Records contained in a dataset
=== Section Start ===

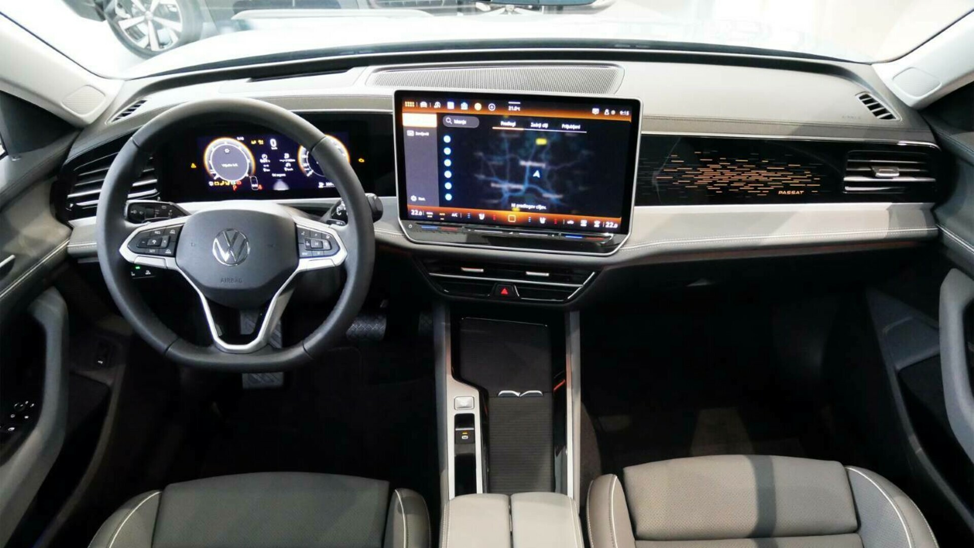 Nova notranjost Passata Varianta združuje visokokakovostne materiale, združuje oba zaslona na krovu, in sicer infotainment sistem z 12,9-palčnim zaslonom, ki se lahko po želji razširi na 15 palcev. Zaslon je nagnjen proti vozniku in ima preprosto upravljanje ter možnost glasovnega upravljanja IDA.
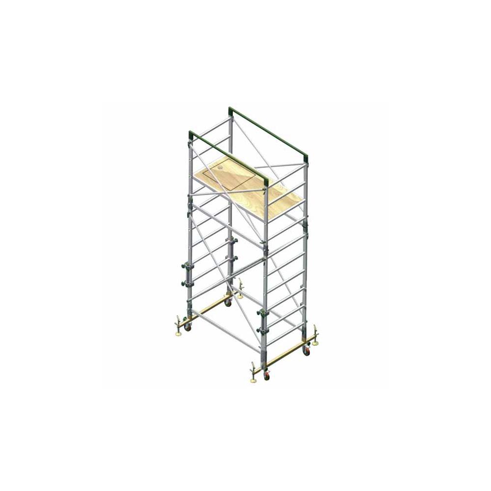 Struttura alluminio - Dimensioni cm 160x75 h 335 Piano lavoro con botola - 4 ruote 125 con freno 4 livellatori a vite - Composizione: 2 basi, 2 spalle 1800/6, 2 spalle 1200/4, 4 saette 2100, 4 saette1750, 4 traverse, 1 piano - Portata 150
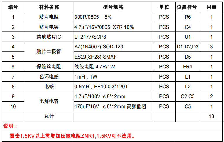 浪涌:L-N ±1 kV,无需压敏即可通过;±2 kV时并471KD07;
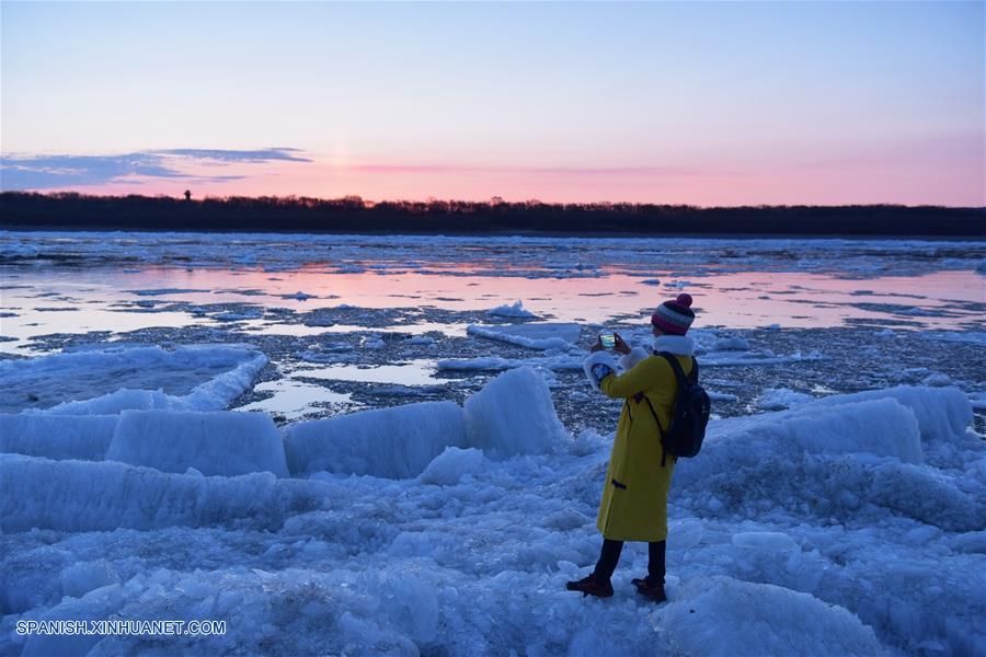 HEILONGJIANG, 6 mayo, 2019 (Xinhua) -- Imagen del 3 de mayo de 2019 de una turista tomando fotografías del deshielo en la sección Huma del río Heilongjiang, en la provincia de Heilongjiang, en el noreste de China. China registró un total de 195 millones de viajes de turistas nacionales durante los cuatro días de vacaciones por el Día del Trabajo, lo que significa un incremento de 13,7 por ciento respecto al a?o pasado, informó el Ministerio de Cultura y Turismo. Los ingresos por turismo durante las vacaciones del miércoles al sábado ascendieron a 117.670 millones de yuanes (unos 17.480 millones de dólares), con un aumento interanual de 16,1 por ciento, indicó el ministerio. Datos estadísticos muestran que los viajes familiares han sido el fenómeno más destacado en el sector de turismo, lo que impulsa el consumo cultural, recreativo y de catering. Los turistas permanecen en promedio 2,25 días en los destinos que visitan, se?aló el ministerio. (Xinhua/Zhou Changping)
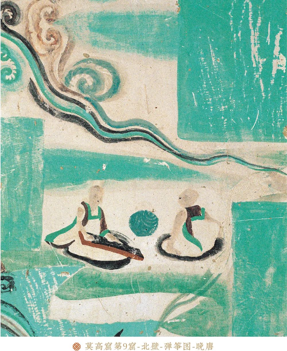 冬日寒冷,却因万物翕伏而显得安静可爱。腊酒自盈樽,金炉兽炭温。想来独酌也无趣,不如邀上一知己。莫高窟第9窟的壁画里,绘有一幅简单的抚琴图。画中两人相对而坐,中间放一陶罐,一人双手抚琴,一人侧身
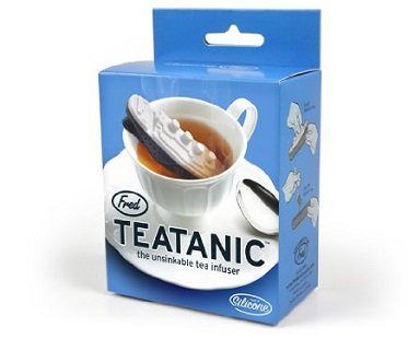 Re-enact the famous scene from the classic movie right inside your tea cup with this Titanic tea infuser! Simply fill it up with your favorite loose tea leaves and let it set sail in a cup of hot water. Once you've reached the desired steep, rescue the boat from your cup and enjoy your delicious drink of tea.

=== Section End ===

Once the line with "HEILONGJIANG, 6 mayo, 2019" has been found above, output that line and every later line exactly, stopping after the line with "冬日寒冷,却因万物翕伏而显得", and omit the pictures.

 HEILONGJIANG, 6 mayo, 2019 (Xinhua) -- Imagen del 3 de mayo de 2019 de una turista tomando fotografías del deshielo en la sección Huma del río Heilongjiang, en la provincia de Heilongjiang, en el noreste de China. China registró un total de 195 millones de viajes de turistas nacionales durante los cuatro días de vacaciones por el Día del Trabajo, lo que significa un incremento de 13,7 por ciento respecto al a?o pasado, informó el Ministerio de Cultura y Turismo. Los ingresos por turismo durante las vacaciones del miércoles al sábado ascendieron a 117.670 millones de yuanes (unos 17.480 millones de dólares), con un aumento interanual de 16,1 por ciento, indicó el ministerio. Datos estadísticos muestran que los viajes familiares han sido el fenómeno más destacado en el sector de turismo, lo que impulsa el consumo cultural, recreativo y de catering. Los turistas permanecen en promedio 2,25 días en los destinos que visitan, se?aló el ministerio. (Xinhua/Zhou Changping)
 冬日寒冷,却因万物翕伏而显得安静可爱。腊酒自盈樽,金炉兽炭温。想来独酌也无趣,不如邀上一知己。莫高窟第9窟的壁画里,绘有一幅简单的抚琴图。画中两人相对而坐,中间放一陶罐,一人双手抚琴,一人侧身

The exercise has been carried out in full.